During the 17th century, Peruvians became some of the first people to distill grapes in the Americas. As a result, the grape brandy pisco was born, its name derived from the Port of Pisco whence it was first exported. Pisco Portón ($39.99) is one of the newest expressions of Peru’s historic native libation, yet it is made in the oldest distillery in the Americas: Hacienda La Caravedo, which dates back to 1684. But even though Pisco Portón follows the traditional methods of copper-pot distillation and uses no additives, the facilities themselves are state-of-the art and compliant with environmental regulations.
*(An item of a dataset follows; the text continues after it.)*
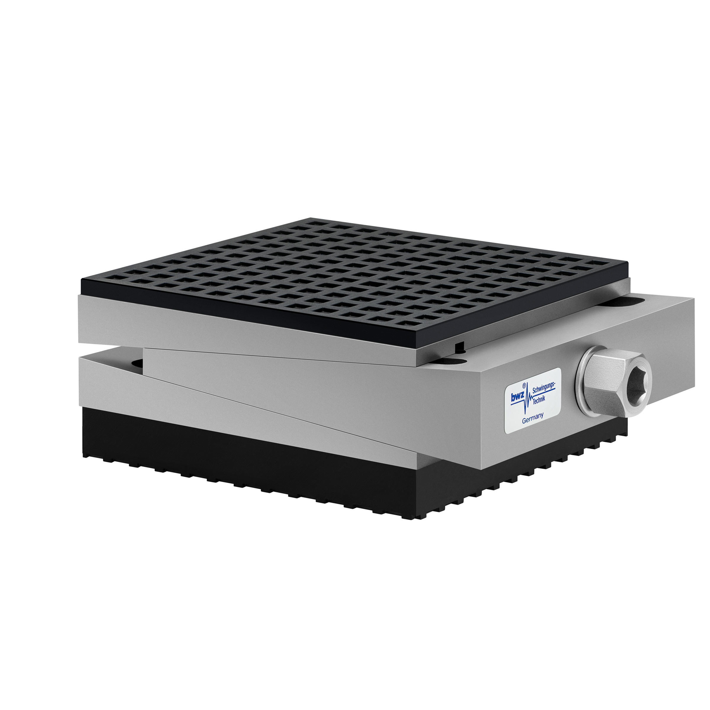 Die Präzisionskeilschuhe freistehend (FS) sind vorgesehen für ein einfaches Unterlegen. Sie bestehen aus 3 lose aufeinander liegenden Keilsegmenten. Anwendungsabhängig sind Ober- und Unterseite mit Dämpfungs- und Gleitschutzplatten in unterschiedlicher Shorehärte und optionaler Profilierung bestückt. In der Einbaulage gehört die dünnere Platte nach oben zum Maschinenrahmen.

This mixture of old and new defines the unique flavor of Pisco Portón, which is a mosto verde, the highest quality of the distillate. Made from a blend of three grape varietals (Quebranta, Torontel, and Albilla), Pisco Portón is not cut with water but rather meticulously distilled to exactly 86 proof. And although it is unaged, it is allowed to rest for five to eight months after distillation so that its complex flavors can meld. The result is a semisweet herbal taste intermingled with delicate notes of citrus and white pepper. Try it chilled and straight up like a martini, in a traditional pisco sour, or in any of the new-age cocktails being invented by modern-day mixologists who are just discovering this ancient spirit. (www.piscoporton.com)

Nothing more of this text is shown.